Everytime I export a video or presentation slide, the movie is discolored and looks a lot lighter. Even pixelated at times.
Can you help me with this? Or point me in the right direction?
Thanks.
September 21st, 2009 at 3:11 PM
Just a simple question:
Is there a difference in putting kexts in /Extra/Extensions and /System/Library/Extensions?
Would be good to keep /S/L/E/ as clean as possible and put everything extra in /E/E/
September 21st, 2009 at 7:12 AM
Hey, Tom. It’s good to have you back. My problem is that I can’t boot in SL partition after install. It gives me some error like Can’t get Kextd port and the it gives something about IOkit timeout. Im using Chameleon RC3. I managed to boot it once with Boot Think 2.3 but only in 64 bit. Any ideas?
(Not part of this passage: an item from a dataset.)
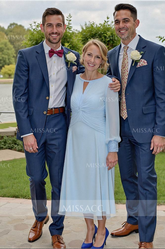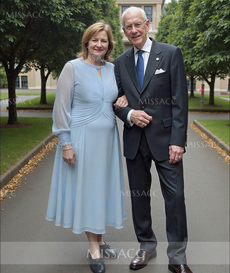Elegant A-line Chiffon Mother of the Bride Dress with Beading, perfect for special occasions. Graceful scoop neck, long sleeves, and exquisite detailing.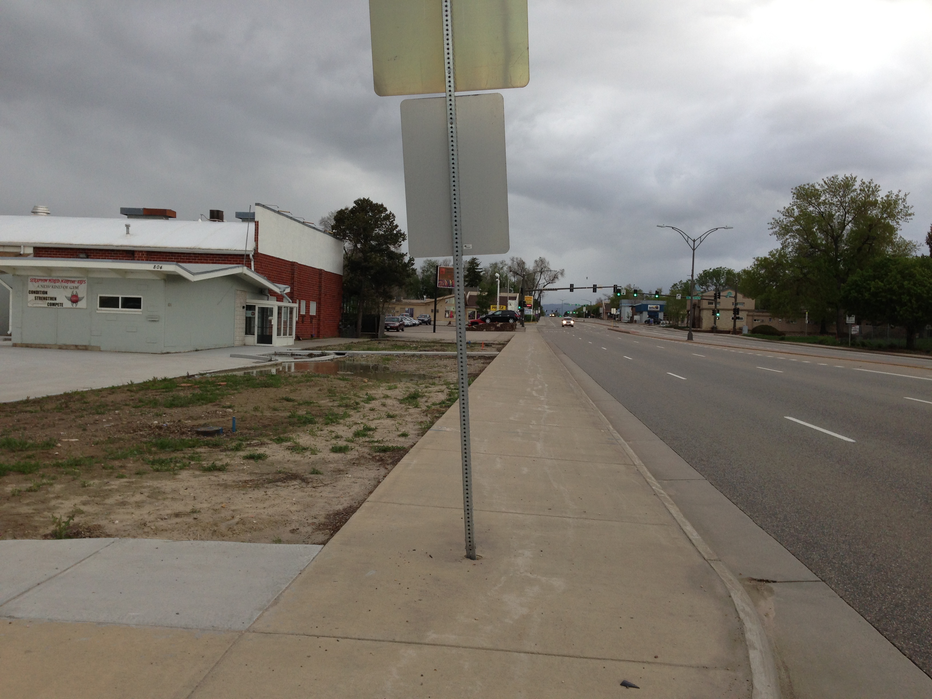 | Looking West on Highway 34 in Loveland, the former Ferguson High School campus and the location Natural Grocers' were purchasing is on the left while the city's highly subsidized Sprouts land acquisition can be seen in the upper right (before the stop light for 287). |

September 21st, 2009 at 10:05 PM
Sami- Using Chameleon, trying boot Snow leopard with the boot flags -x32 -v -f and see what happens
Osmac- The difference is that in /E/E/, the kexts cannot be erased and so the hardware will always work (as long as the system version supports the kext). When placed in /S/L/E/ the kext might be removed after an update (as seen with certain Leopard updates that knocked out wifi). The reason not all kexts are placed in /E/E/ is because not all kexts can be loaded from that location. Some kexts require that they be placed in /S/L/E/. I’m not too sure why all kexts can’t be loaded from there, I just know that they can’t.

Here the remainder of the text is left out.